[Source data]
╔══

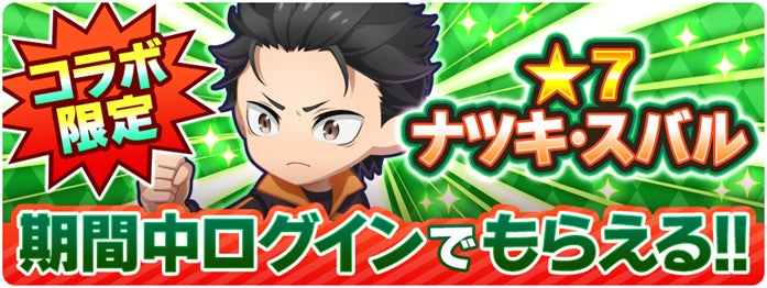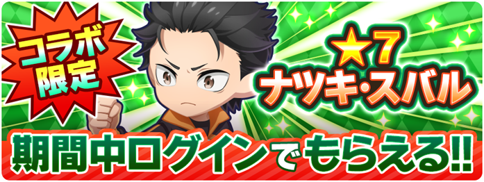 ログインで「ナツキ・スバル(★7)」と宇宙石最大1500個がもらえます。
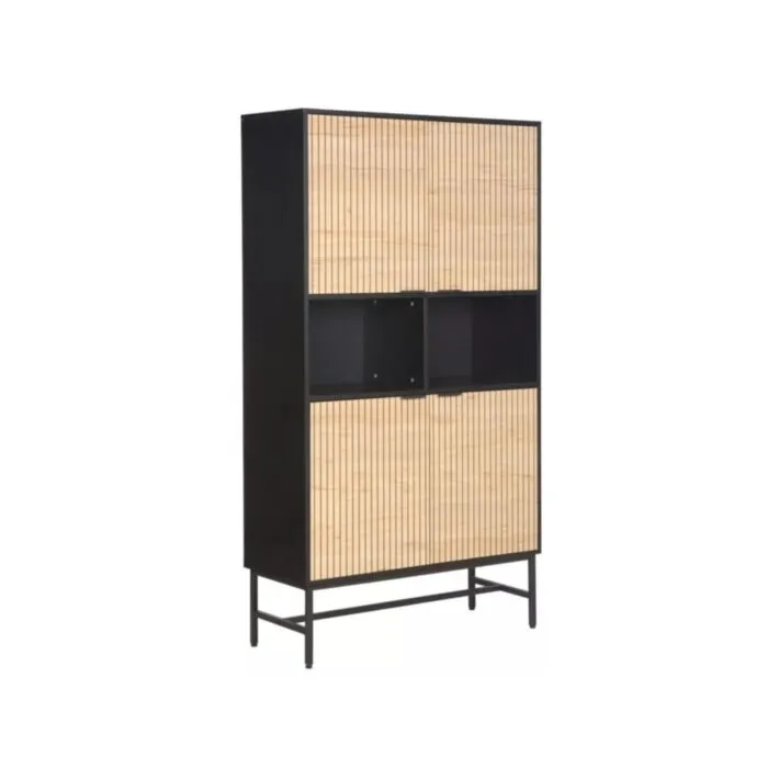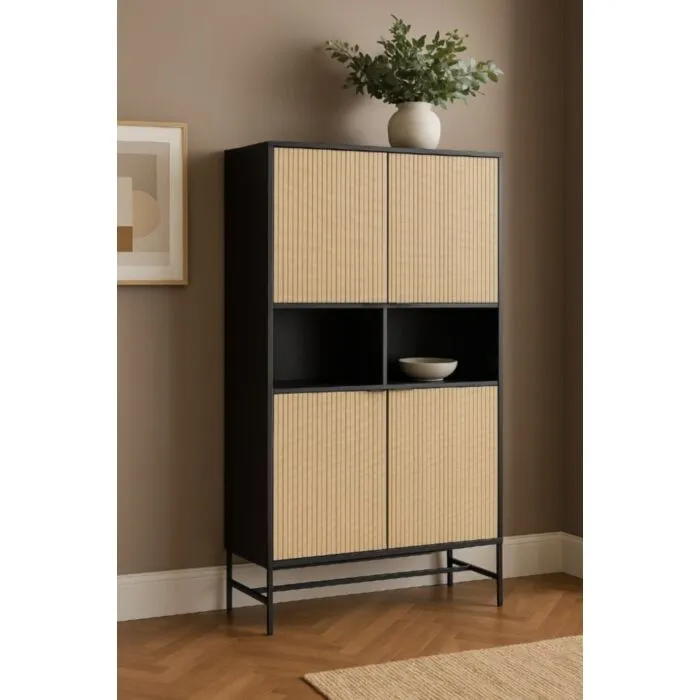 Visoka komoda SINI je moderen in eleganten kos pohištva. Odlično se poda v vsak prostor, zaradi svojega edinstvenega dizajna. Je v črni barvi s kombinacijo hrast barve. Narejena je iz visokokakovostne laminirane plošče. Zaradi svoje oblike in visokokakovostnih materialov je trpežna in vzdržljiva. Odporna je na praske, udarce in obrabo. Je enostavna za vzdrževanje, saj je površina preprosta za čiščenje in negovanje. Estetsko se poda v vsak prostor ter ima dobro odpornost na madeže in vlago.
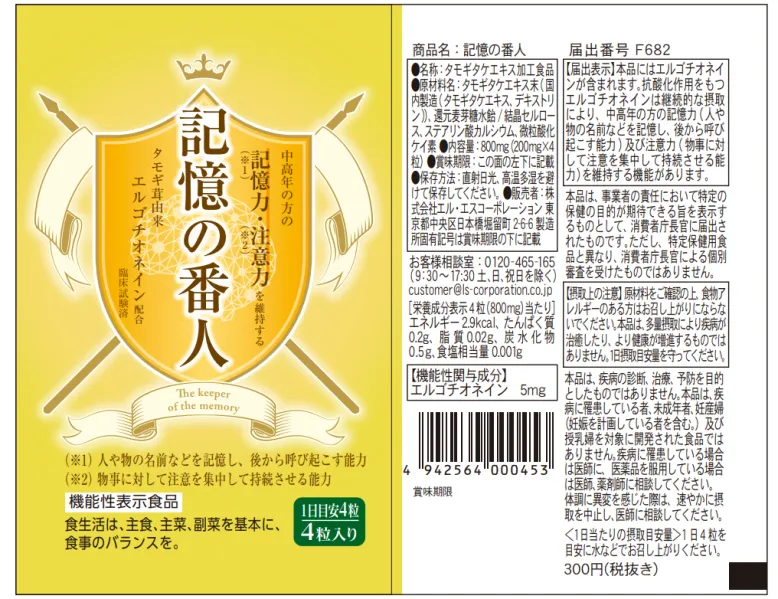 Додатокот на ерготионеин лансиран од јапонската корпорација LS е производ дизајниран да го реши падот на меморијата кај средовечните и постарите луѓе.
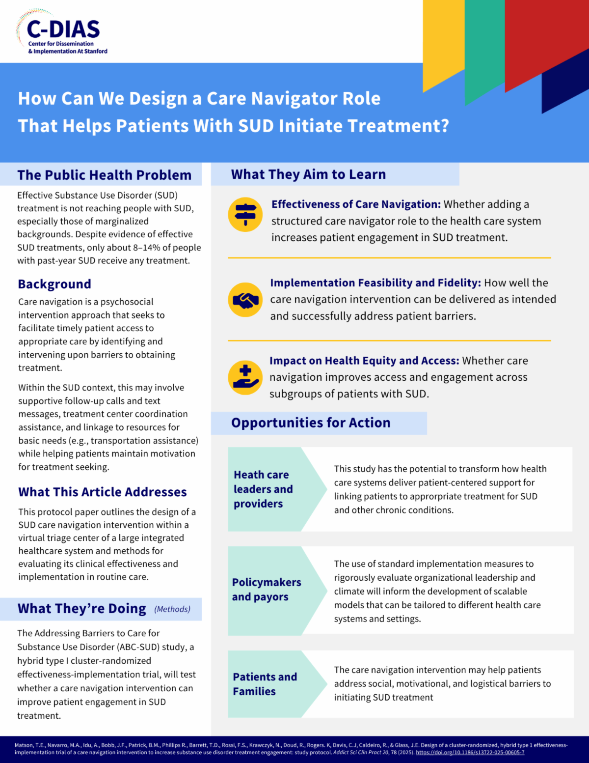 Design of a cluster-randomized, hybrid type 1 effectiveness-implementation trial of a care navigation intervention to increase substance use disorder treatment engagement: study protocol. Addiction Science & Clinical Practice 20, 78 (2025). https://doi.org/10.1186/s13722-025-00605-7
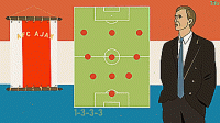 作为球员,贝肯鲍尔的拜仁曾使用过类似4-3-3的阵型。在这个阵型中,就像迈克尔的阿贾克斯和哈佩尔的费耶诺德一样,两名中后卫中的一名在本质上就是一名清道夫,即使是在四后卫中。
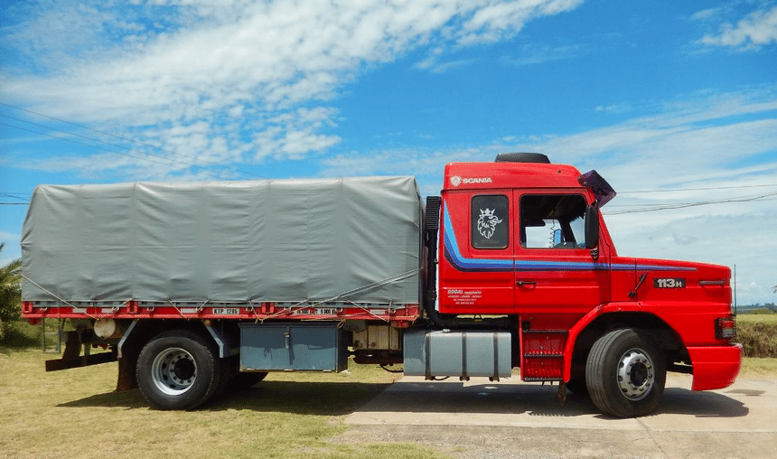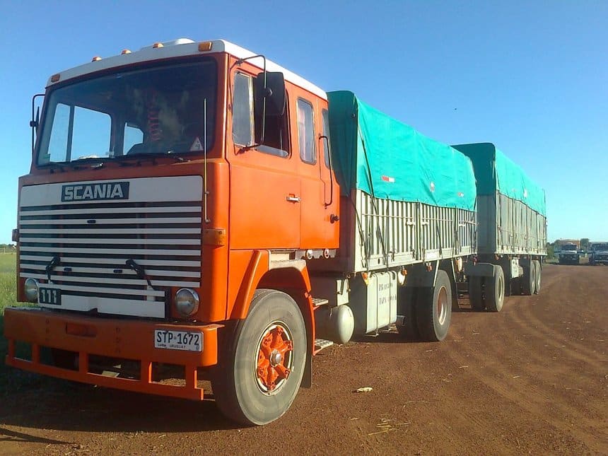 On le croirait neuf, mais il a vingt-trois ans de route dans les roues. Et pas sur les itinéraires les plus faciles : ce Scania T113H travaille en Uruguay où sa carrière est loin d’être finie. Ce genre de porteur 4×2, d’empattement court et carrossé d’un simple plateau-ridelles bâché, est ici tout à fait habituel en longue distance. Bien évidemment, un tel camion n’est pas fait pour rouler en solo et bien qu’il soit ici dételé il lui est généralement associé une remorque Randon à 2 essieux, d’origine brésilienne.
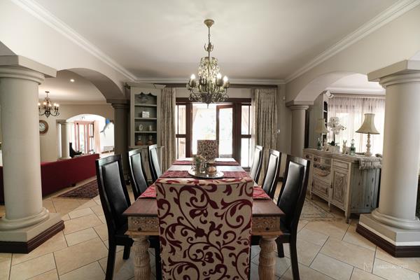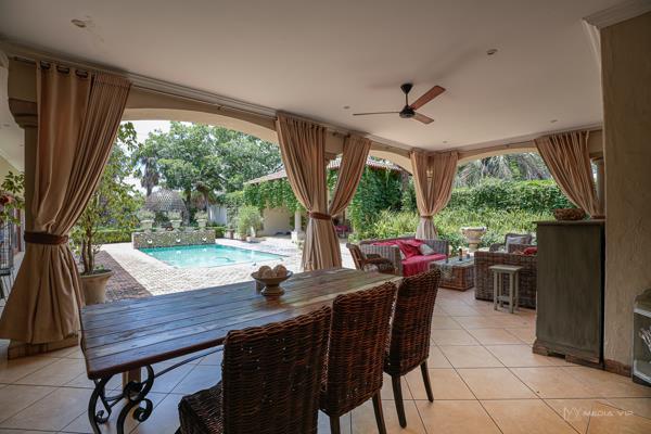 The grounds are parklike with automated irrigation on a borehole, established trees, paved walkways, ponds, three patios around the pool, and a sunken boma ideal for family living and entertainment.
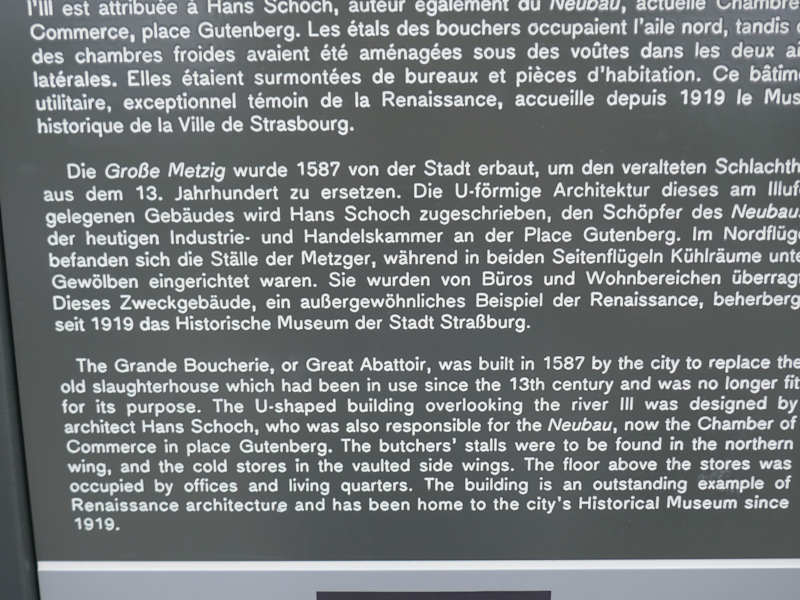Auf der Rue du Vieux - Marché - aux - Poissons steht dieses Gebäude, praktisch an der Brücke der iLL. In diesem Museum erfährt man mehr über die Stadtgeschichte ausgehend vom Mittelalter bis zu Schaffung der europäischen Institutionen. Früher war es ein Schlachthof, es gibt auch eine Erinnerung an das Jahr 1359 als es ein Judenprogrom in Straßburg gab. Es gibt auch einen Gedenkraum an den Jean B. Kléber. Öffnungen: von Dienstag bis Freitag, Mittags eine Stunde Mittagszeit, Sa und So. durchgehend.
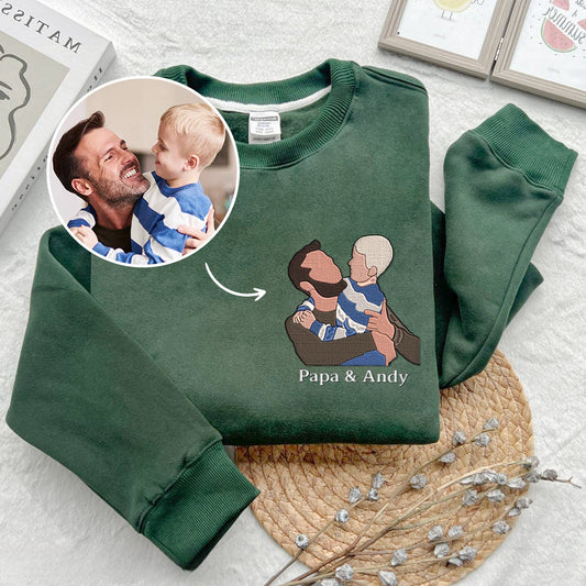 Personalized Dad Sweatshirt With Picture, Custom Embroidered Portrait from Photo Hoodie

╚══

EXERCISE DIRECTIONS: Please set down every record exactly as it appears, leaving out the pictures.

COMPLETED EXERCISE:
 ログインで「ナツキ・スバル(★7)」と宇宙石最大1500個がもらえます。
 Visoka komoda SINI je moderen in eleganten kos pohištva. Odlično se poda v vsak prostor, zaradi svojega edinstvenega dizajna. Je v črni barvi s kombinacijo hrast barve. Narejena je iz visokokakovostne laminirane plošče. Zaradi svoje oblike in visokokakovostnih materialov je trpežna in vzdržljiva. Odporna je na praske, udarce in obrabo. Je enostavna za vzdrževanje, saj je površina preprosta za čiščenje in negovanje. Estetsko se poda v vsak prostor ter ima dobro odpornost na madeže in vlago.
 Додатокот на ерготионеин лансиран од јапонската корпорација LS е производ дизајниран да го реши падот на меморијата кај средовечните и постарите луѓе.
 Design of a cluster-randomized, hybrid type 1 effectiveness-implementation trial of a care navigation intervention to increase substance use disorder treatment engagement: study protocol. Addiction Science & Clinical Practice 20, 78 (2025). https://doi.org/10.1186/s13722-025-00605-7
 作为球员,贝肯鲍尔的拜仁曾使用过类似4-3-3的阵型。在这个阵型中,就像迈克尔的阿贾克斯和哈佩尔的费耶诺德一样,两名中后卫中的一名在本质上就是一名清道夫,即使是在四后卫中。
 On le croirait neuf, mais il a vingt-trois ans de route dans les roues. Et pas sur les itinéraires les plus faciles : ce Scania T113H travaille en Uruguay où sa carrière est loin d’être finie. Ce genre de porteur 4×2, d’empattement court et carrossé d’un simple plateau-ridelles bâché, est ici tout à fait habituel en longue distance. Bien évidemment, un tel camion n’est pas fait pour rouler en solo et bien qu’il soit ici dételé il lui est généralement associé une remorque Randon à 2 essieux, d’origine brésilienne.
 The grounds are parklike with automated irrigation on a borehole, established trees, paved walkways, ponds, three patios around the pool, and a sunken boma ideal for family living and entertainment.
Auf der Rue du Vieux - Marché - aux - Poissons steht dieses Gebäude, praktisch an der Brücke der iLL. In diesem Museum erfährt man mehr über die Stadtgeschichte ausgehend vom Mittelalter bis zu Schaffung der europäischen Institutionen. Früher war es ein Schlachthof, es gibt auch eine Erinnerung an das Jahr 1359 als es ein Judenprogrom in Straßburg gab. Es gibt auch einen Gedenkraum an den Jean B. Kléber. Öffnungen: von Dienstag bis Freitag, Mittags eine Stunde Mittagszeit, Sa und So. durchgehend.
 Personalized Dad Sweatshirt With Picture, Custom Embroidered Portrait from Photo Hoodie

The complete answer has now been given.